BRIEF ▸ Type the data below again exactly. Omit all pictures.

Top of SOURCE DATA

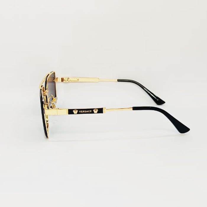 These are likely the Versace Medusa Biggie square-frame sunglasses, a distinctive style featuring bold, thick temples adorned with a prominent gold-tone Medusa emblem.
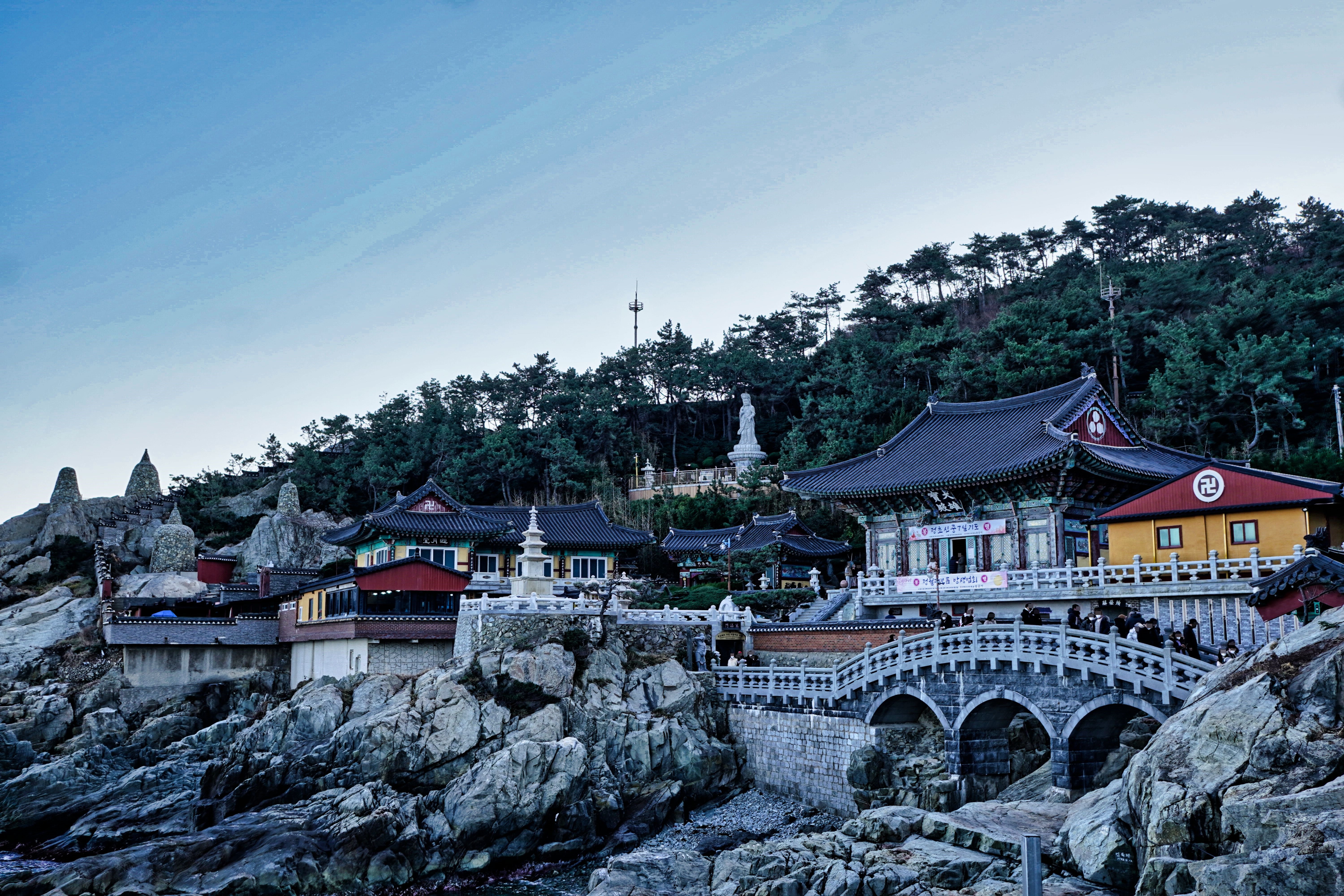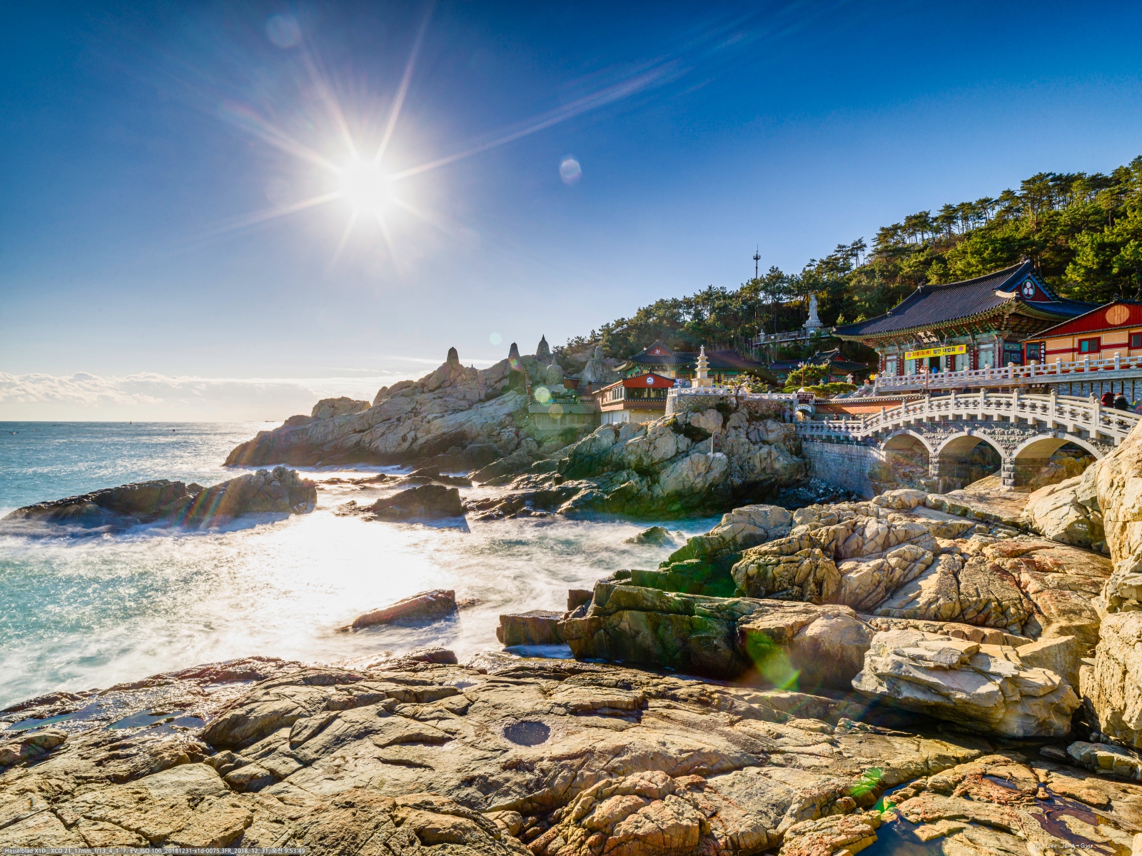 부산 기장의 시랑리 해안에 위치한 해동용궁사는 정암화상(晸庵和尙)이 바닷가에서 용을 타고 승천하는 관세음보살을 꿈에 보았다는 이야기에서 이름이 유래되었다. 산과 바다가 맞닿은 육지의 끝자락에 해동용궁사가 한 폭의 그림처럼 걸려있다.
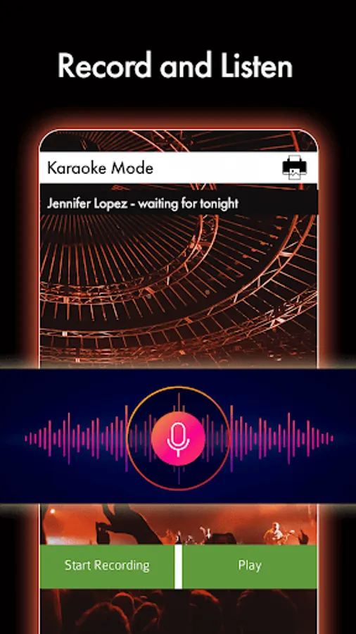 With this Karaoke sing and record application you can sing thousands of backing tracks with synchronized lyrics, from the classics karaokes to the latest hits of the charts, from Country to Heavy Metal, from Rock to Musicals, from Salsa to Dance and even much more.

Bottom of SOURCE DATA

RESPONSE ▸
 These are likely the Versace Medusa Biggie square-frame sunglasses, a distinctive style featuring bold, thick temples adorned with a prominent gold-tone Medusa emblem.
 부산 기장의 시랑리 해안에 위치한 해동용궁사는 정암화상(晸庵和尙)이 바닷가에서 용을 타고 승천하는 관세음보살을 꿈에 보았다는 이야기에서 이름이 유래되었다. 산과 바다가 맞닿은 육지의 끝자락에 해동용궁사가 한 폭의 그림처럼 걸려있다.
 With this Karaoke sing and record application you can sing thousands of backing tracks with synchronized lyrics, from the classics karaokes to the latest hits of the charts, from Country to Heavy Metal, from Rock to Musicals, from Salsa to Dance and even much more.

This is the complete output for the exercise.